A fellow booklover gave me this to read when I was under the weather recently. It’s a perfect “recovery novel,” so beautifully written it transports you to another time. The title, The Last Kind Words Saloon, I believe, is a metaphor about the end of an era, and the demise of the last literary characters of the American West like Wyatt Earp, Doc Holliday, and Charles Goodnight.

Fans of Larry McMurtry’s Lonesome Dove might be expecting an epic novel, but this is a slender book, wonderfully crafted, but without the bulk of some of his other novels. A good way to look at it is this: Lonesome Dove is like a full course meal and The Last Kind Words Saloon is like a pleasant glass of lemonade on a hot summer day. Yet one thing remains the same. The dialogue between characters will make you laugh out loud.

Wyatt Earp is really not much of a hero. He mistreats his wife, Jessie, who’s their primary source of income from her work as a bartender. Their pal, Doc Holliday, is a drunk with tuberculosis. They mostly just sit around waiting for a card game at The Last Kind Words Saloon.

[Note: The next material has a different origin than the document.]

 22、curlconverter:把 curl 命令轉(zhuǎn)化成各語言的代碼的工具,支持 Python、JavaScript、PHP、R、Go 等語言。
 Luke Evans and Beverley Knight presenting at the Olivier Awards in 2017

The story opens in Long Grass, a dusty little town in Texas, close to New Mexico. Charles Goodnight brings a herd of cattle in from the plains to be shipped from the railway in town. Goodnight is a man of few words, but the best cattleman and trailblazer on the western plains. As a former Texas Ranger, he’s never been lost, day or night, in any kind of weather. His wife, Mary, who teaches in a little shack of a schoolhouse, is like all the other wives of the famous heroes of the West; she deserves a much better husband and life, but it’s what she’s got, and she’s the kind of woman who makes do.

The train arrives in Long Grass with a fancy railcar painted royal blue. It belongs to Lord Ernle who is going into the cattle business with Goodnight. He is also building a great castle on a bluff overlooking the Canadian River. Miles of track have been laid to bring in supplies and workmen. The castle is a source of wonder for everyone who passes by and causes considerable anger in Mary Goodnight who wonders why she must sleep in a tent while her husband’s partner builds a castle.

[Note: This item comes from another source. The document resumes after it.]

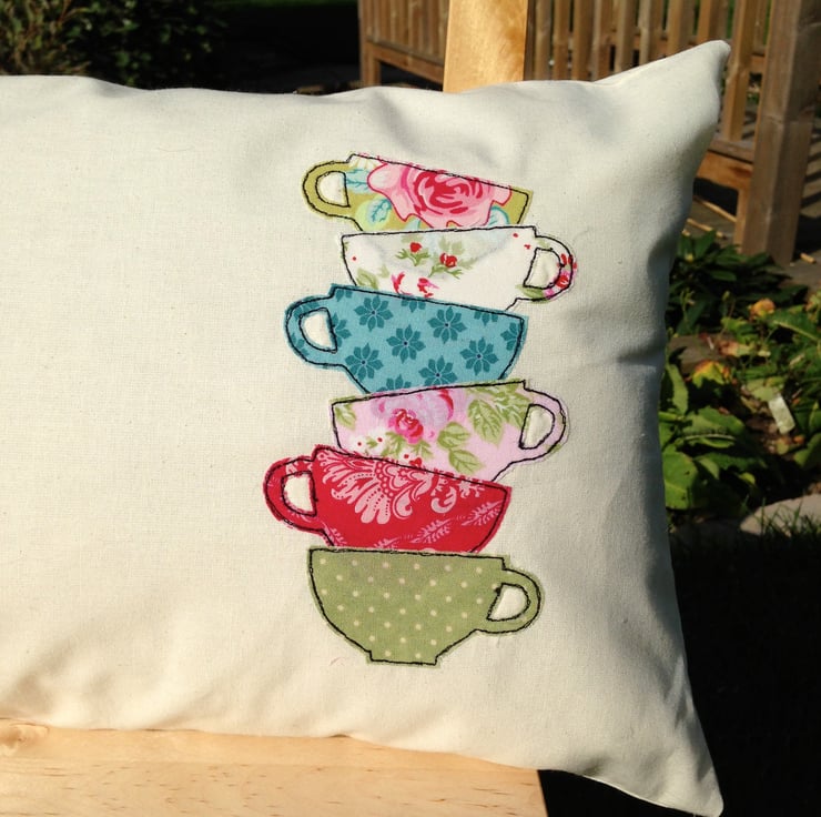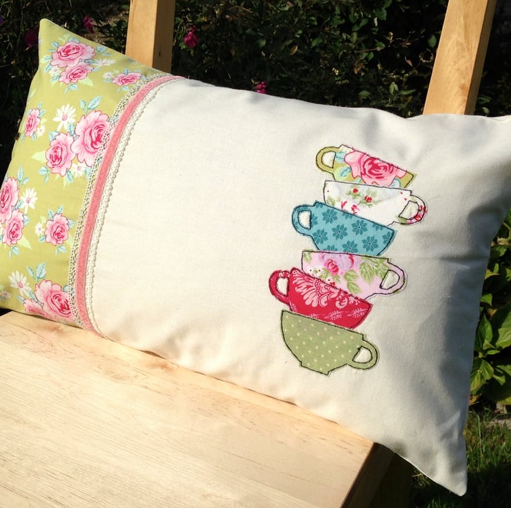 Beautiful freestyle machine embroidered cushion with velvet and crocheted trim. The cushion measures 30x50 and has an envelope back with buttons so can be removed if needed.

Wyatt Earp and Doc Holliday leave Long Grass to join a Wild West Show in Denver. Jessie comes along, thinking she can find a good bartending job there. We follow their adventures, as well as those back in Long Grass, which involves a deadly cattle stampede and a vicious sand storm. Quanah Parker shows up and retells his glory days as the last Comanche Chief and his trips to Washington D.C. to visit President Teddy Roosevelt.

All the characters in this novel will be familiar to
readers of the American West. McMurtry brings them to life once again, recalling their rambunctious lives and making us feel right at home.